Boudousquié C, Pellaton C, Barbier N, Spertini F
Division of Immunology and Allergy, Centre Hospitalier Universitaire Vaudois, Lausanne, Switzerland.
Clin Exp Allergy. 2009 Sep;39(9):1415-26. doi: 10.1111/j.1365-2222.2009.03314.x. Epub 2009 Jul 16.
Regulatory T cells (Tregs) are key players in controlling the development of airway inflammation. However, their role in the mechanisms leading to tolerance in established allergic asthma is unclear.
To examine the role of Tregs in tolerance induction in a murine model of asthma.

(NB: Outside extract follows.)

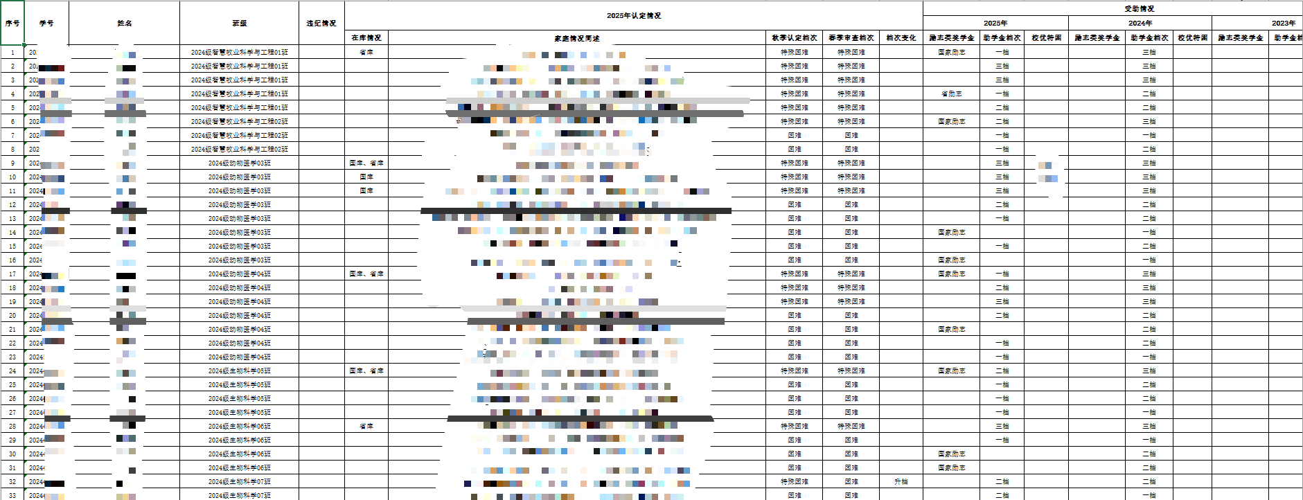 2.学年认定与审核情况:记录学生秋季学期的困难认定结果,以及春季学期的资格复核情况,确保资助资格的动态管理真实有效。

Ovalbumin (OVA) sensitized asthmatic mice were depleted or not of CD25(+) T cells by anti-CD25 PC61 monoclonal antibody (mAb) before intranasal treatment (INT) with OVA, then challenged with OVA aerosol. To further evaluate the respective regulatory activity of CD4(+)CD25(+) and CD4(+)CD25(-) T cells, both T cell subsets were transferred from tolerized or non-tolerized animals to asthmatic recipients. Bronchoalveolar lavage fluid (BALF), T cell proliferation and cytokine secretion were examined.
Intranasal treatment with OVA led to increased levels of IL-10, TGF-beta and IL-17 in lung homogenates, inhibition of eosinophil recruitment into the BALF and antigen specific T cell hyporesponsiveness. CD4(+)CD25(+)Foxp3(+) T cells were markedly upregulated in lungs and suppressed in vitro and in vivo OVA-specific T cell responses. Depletion of CD25(+) cells before OVA INT severely hampered tolerance induction as indicated by a strong recruitment of eosinophils into BALF and a vigorous T cell response to OVA upon challenge. However, the transfer of CD4(+)CD25(-) T cells not only suppressed antigen specific T cell responsiveness but also significantly reduced eosinophil recruitment as opposed to CD4(+)CD25(+) T cells. As compared with control mice, a significantly higher proportion of CD4(+)CD25(-) T cells from OVA treated mice expressed mTGF-beta.
Both CD4(+)CD25(+) and CD4(+)CD25(-) T cells appear to be essential to tolerance induction. The relationship between both subsets and the mechanisms of their regulatory activity will have to be further analyzed.
调节性T细胞(Tregs)是控制气道炎症发展的关键因素。然而,它们在已建立的过敏性哮喘中导致免疫耐受的机制中的作用尚不清楚。
研究Tregs在哮喘小鼠模型中诱导免疫耐受的作用。
用抗CD25 PC61单克隆抗体(mAb)清除或不清除卵清蛋白(OVA)致敏的哮喘小鼠的CD25(+) T细胞,然后在鼻内给予OVA治疗(INT),随后用OVA气雾剂激发。为了进一步评估CD4(+)CD25(+)和CD4(+)CD25(-) T细胞各自的调节活性,将这两个T细胞亚群从耐受或未耐受的动物转移到哮喘受体中。检测支气管肺泡灌洗液(BALF)、T细胞增殖和细胞因子分泌情况。
鼻内给予OVA导致肺匀浆中白细胞介素-10(IL-10)、转化生长因子-β(TGF-β)和白细胞介素-17水平升高,抑制嗜酸性粒细胞向BALF募集以及抗原特异性T细胞反应低下。肺中CD4(+)CD25(+)Foxp3(+) T细胞明显上调,并在体外和体内抑制OVA特异性T细胞反应。OVA INT前清除CD25(+)细胞严重阻碍了耐受诱导,表现为嗜酸性粒细胞大量募集到BALF中以及激发后对OVA的强烈T细胞反应。然而,与CD4(+)CD25(+) T细胞相反,CD4(+)CD25(-) T细胞的转移不仅抑制抗原特异性T细胞反应性,还显著减少嗜酸性粒细胞募集。与对照小鼠相比,来自OVA处理小鼠的CD4(+)CD25(-) T细胞中表达mTGF-β的比例明显更高。
CD4(+)CD25(+)和CD4(+)CD25(-) T细胞似乎对耐受诱导都至关重要。这两个亚群之间的关系及其调节活性机制有待进一步分析。